Une levée de fonds significative pour Energy Observer Developments

A l’occasion de l’AG de l’AFHYPAC, ce jeudi à Paris, Energy Observer Developments a annoncé une levée de fonds significative. La signature a eu lieu juste à l’issue d’une matinée de conférences, en présence de partenaires et de supports industriels qui sont ENGIE, Toyota, Accor, Thelem, Delanchy et AMFIL (famille Mulliez).  Cet apport va permettre à la filiale d’Energy Observer de lancer sur le marché des produits innovants.

Avant cette cérémonie, Victorien Erussard était venu présenter un bilan de son épopée. Le capitaine de ce catamaran à hydrogène a retracé la genèse du projet et a dressé un bilan. Le navire a déjà navigué dans 25 pays et a procédé à 48 escales, de Saint-Malo au Spitzberg (Norvège, le site le plus proche du cercle polaire).

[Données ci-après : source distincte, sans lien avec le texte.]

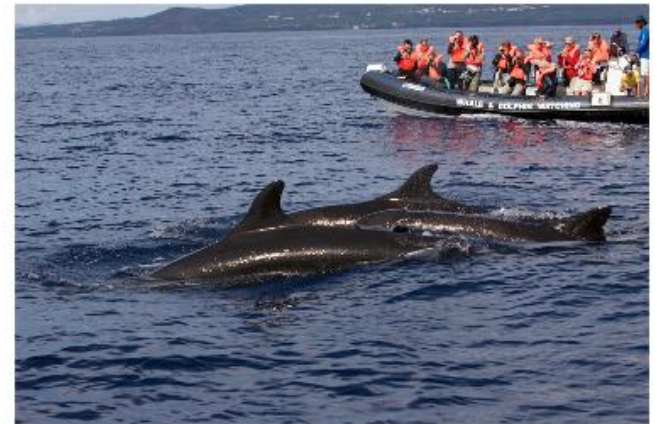
Whale and Dolphin Watching

After breakfast, transfer to the Horta Airport for our flight back to São Miguel Island. Our transfer to Furnas and check in at the Hotel Terra Nostra Garden, followed by lunch at a local restaurant. In the afternoon, we drive to Vila Franca do Campo where we embark on a 3-hour Whale and Dolphin watching tour. At the end of the activity, we return to our hotel for a free evening. (Breakfast / Lunch)
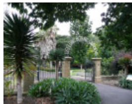
EASTERN PARK & GEELONG BOTANIC GARDENS SOHE 2008
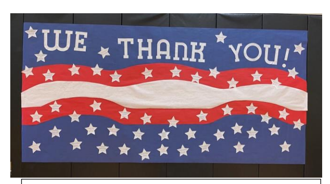
NWL Elementary recognizing Veterans Day

Média à lui tout seul, le bateau est un véritable ambassadeur et sert aussi à tourner des documentaires (Canal +, Planète) destinés à alerter sur l’évolution du climat.

Cette aventure a suscité l’arrivée de sponsors qui ont demandé à Energy Observer de plancher sur des solutions à base d’hydrogène. C’est ainsi qu’est né EOD (Energy Observer Developments). La structure propose des produits uniques, grâce au talent de ses ingénieurs et au retour d’expérience des conditions extrêmes rencontrées en mer. EOD propose notamment un générateur électro-hydrogène très compact avec une pile à combustible, avec 8 fois plus de capacité d’énergie et à un coût abordable.

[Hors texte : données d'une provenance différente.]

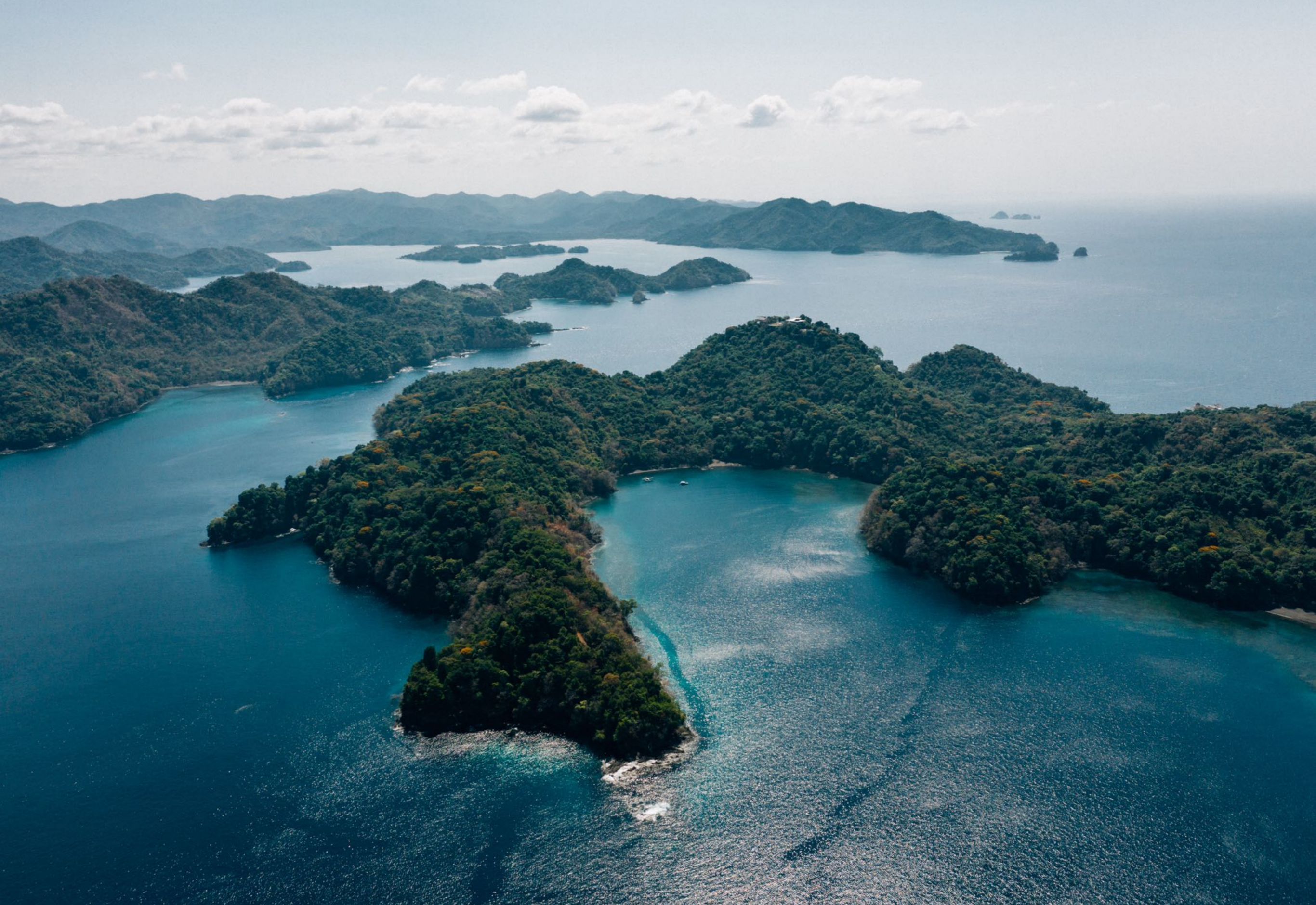
Islas Secas – 14 Private Islands with natural untouched jungle combining exceptional wildlife, wild fauna and flora

Le DG de la société, Jérémie Lagarrigue a présenté l’offre lors d’une table ronde sur la décarbonation du transport fluvial et maritime. EOD propose des services, avec une approche basée sur des écosystèmes. La société a par ailleurs procédé à l’acquisition de trois entreprises pour renforcer son expertise et pouvoir adresser le marché. Elle planche aussi sur des thèmes connexes comme les batteries recyclables. En somme, c’est une formidable boîte à idées, qui n’oublie pas son ADN (priorité au range extender pour les bateaux) et se veut une force de propositions pour apporter sur le marché des produits qui n’existent pas et démocratiser l’hydrogène. Jérémie Lagarrigue estime que, quand des partenaires se mettent autour de la table, il est possible de faire avancer l’innovation et de contourner ainsi les problèmes de financement avec les banques classiques.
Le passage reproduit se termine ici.